■ **TASK PROMPT**
After locating the line with "籐 ラタン 回転座椅子", repeat it and every following line to the end of the listing, exactly. Omit the pictures.

■ **SOURCE MATERIAL**
● ● ● ●

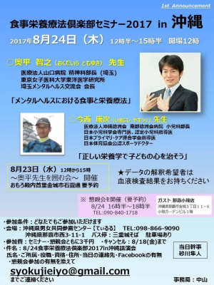 JUGEMテーマ:食事・栄養療法 〜奥平智之先生と今西康次先生を囲む会〜 食事栄養療法倶楽部2017in 沖縄 2017年8月23日(水) 12:00〜15:00 ≪座談会≫ ◎奥平 智之 (おくだいら ともゆき) 先生 医療法人山口病院 精神科部長 東京女子医科大学東洋医学研究 埼玉メンタルへルス交流会 会長 https://www.kamponavi.com/doctor/d65mizoguchi.html ◎今西 康次 (Yasutsugu Imanishi)(いまにし やすつぐ)先生 医療法人沖縄徳洲会南部徳洲会病院小児科部長所 日本小児科学会専門医、認定小児科指導医 ...
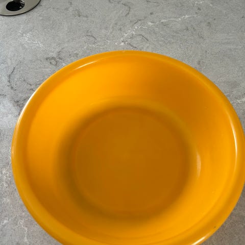 Unik emaljebolle 21 cm selges. Den har en hvit utside og en knall oransje innside.
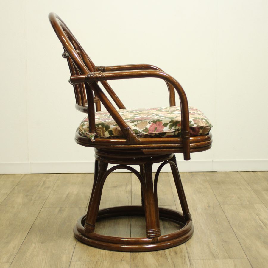 籐 ラタン 回転座椅子 ハイタイプ 座面高め 42 cm クッション花柄 座面回転 360度 籐製品 籐家具 籐の椅子 アームチェア リビング 居間 和室 洋室 IW-10 HWC
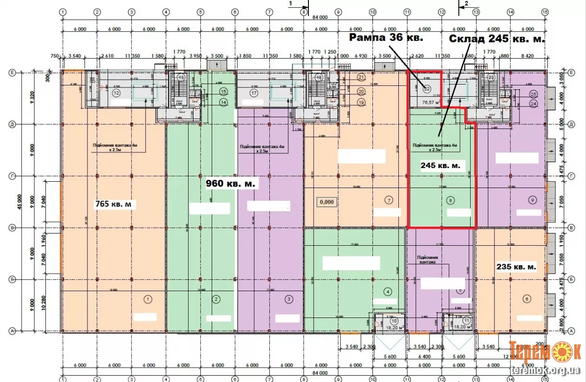 Площа 245 м2, 1 поверх, склад плюс 36 кв. м. рампа під навісом

● ● ● ●

■ **REPLY**
 籐 ラタン 回転座椅子 ハイタイプ 座面高め 42 cm クッション花柄 座面回転 360度 籐製品 籐家具 籐の椅子 アームチェア リビング 居間 和室 洋室 IW-10 HWC
 Площа 245 м2, 1 поверх, склад плюс 36 кв. м. рампа під навісом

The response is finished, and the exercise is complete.